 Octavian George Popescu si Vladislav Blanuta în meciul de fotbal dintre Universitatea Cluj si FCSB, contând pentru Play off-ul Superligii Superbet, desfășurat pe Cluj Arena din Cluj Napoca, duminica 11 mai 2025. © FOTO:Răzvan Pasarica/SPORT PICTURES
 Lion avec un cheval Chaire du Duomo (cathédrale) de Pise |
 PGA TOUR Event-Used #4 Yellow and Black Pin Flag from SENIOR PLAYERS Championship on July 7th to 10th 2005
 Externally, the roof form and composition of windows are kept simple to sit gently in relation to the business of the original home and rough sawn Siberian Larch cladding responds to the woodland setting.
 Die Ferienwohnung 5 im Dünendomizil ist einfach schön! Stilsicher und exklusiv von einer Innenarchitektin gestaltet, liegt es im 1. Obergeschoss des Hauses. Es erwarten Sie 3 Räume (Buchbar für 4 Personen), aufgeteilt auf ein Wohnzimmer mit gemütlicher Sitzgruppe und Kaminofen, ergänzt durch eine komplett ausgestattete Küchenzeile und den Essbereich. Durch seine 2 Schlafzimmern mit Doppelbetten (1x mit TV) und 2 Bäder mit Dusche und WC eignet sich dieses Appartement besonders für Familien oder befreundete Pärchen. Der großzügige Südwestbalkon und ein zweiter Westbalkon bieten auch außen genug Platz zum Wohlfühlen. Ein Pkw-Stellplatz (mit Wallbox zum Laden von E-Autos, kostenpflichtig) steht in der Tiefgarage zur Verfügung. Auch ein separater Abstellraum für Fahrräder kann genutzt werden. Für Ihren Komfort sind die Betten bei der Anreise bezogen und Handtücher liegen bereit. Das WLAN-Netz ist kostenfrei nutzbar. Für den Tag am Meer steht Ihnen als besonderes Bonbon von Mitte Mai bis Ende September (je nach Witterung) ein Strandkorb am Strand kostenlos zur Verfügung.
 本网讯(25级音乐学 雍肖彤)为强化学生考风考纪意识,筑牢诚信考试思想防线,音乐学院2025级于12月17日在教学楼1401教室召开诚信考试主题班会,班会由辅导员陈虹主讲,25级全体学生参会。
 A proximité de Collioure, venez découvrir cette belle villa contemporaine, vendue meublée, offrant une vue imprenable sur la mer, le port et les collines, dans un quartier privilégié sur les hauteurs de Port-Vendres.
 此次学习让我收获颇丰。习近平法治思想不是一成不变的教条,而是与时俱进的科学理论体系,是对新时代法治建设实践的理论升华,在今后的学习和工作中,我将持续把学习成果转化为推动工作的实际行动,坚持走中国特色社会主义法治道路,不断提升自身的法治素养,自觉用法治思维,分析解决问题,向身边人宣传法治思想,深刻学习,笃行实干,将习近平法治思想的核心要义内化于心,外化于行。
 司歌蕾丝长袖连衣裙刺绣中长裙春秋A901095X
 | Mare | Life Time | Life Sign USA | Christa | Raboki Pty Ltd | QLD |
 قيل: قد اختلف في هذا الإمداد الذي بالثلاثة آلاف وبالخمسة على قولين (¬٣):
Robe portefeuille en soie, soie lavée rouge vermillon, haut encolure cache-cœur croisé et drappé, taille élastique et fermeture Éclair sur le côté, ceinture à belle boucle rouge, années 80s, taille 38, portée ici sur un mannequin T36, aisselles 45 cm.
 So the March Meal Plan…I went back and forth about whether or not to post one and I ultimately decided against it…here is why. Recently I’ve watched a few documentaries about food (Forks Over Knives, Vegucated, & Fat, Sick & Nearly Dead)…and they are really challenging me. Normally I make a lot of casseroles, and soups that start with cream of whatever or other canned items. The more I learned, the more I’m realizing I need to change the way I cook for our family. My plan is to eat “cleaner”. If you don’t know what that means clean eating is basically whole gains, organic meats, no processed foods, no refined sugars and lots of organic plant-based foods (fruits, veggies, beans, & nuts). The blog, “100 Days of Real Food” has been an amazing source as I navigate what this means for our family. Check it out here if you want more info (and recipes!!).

• • • • • • •

Return exactly, and only, the lines above starting at the line that contains "Ltd | QLD |" and ending at the line that contains "Robe portefeuille en".

Response:
 | Mare | Life Time | Life Sign USA | Christa | Raboki Pty Ltd | QLD |
 قيل: قد اختلف في هذا الإمداد الذي بالثلاثة آلاف وبالخمسة على قولين (¬٣):
Robe portefeuille en soie, soie lavée rouge vermillon, haut encolure cache-cœur croisé et drappé, taille élastique et fermeture Éclair sur le côté, ceinture à belle boucle rouge, années 80s, taille 38, portée ici sur un mannequin T36, aisselles 45 cm.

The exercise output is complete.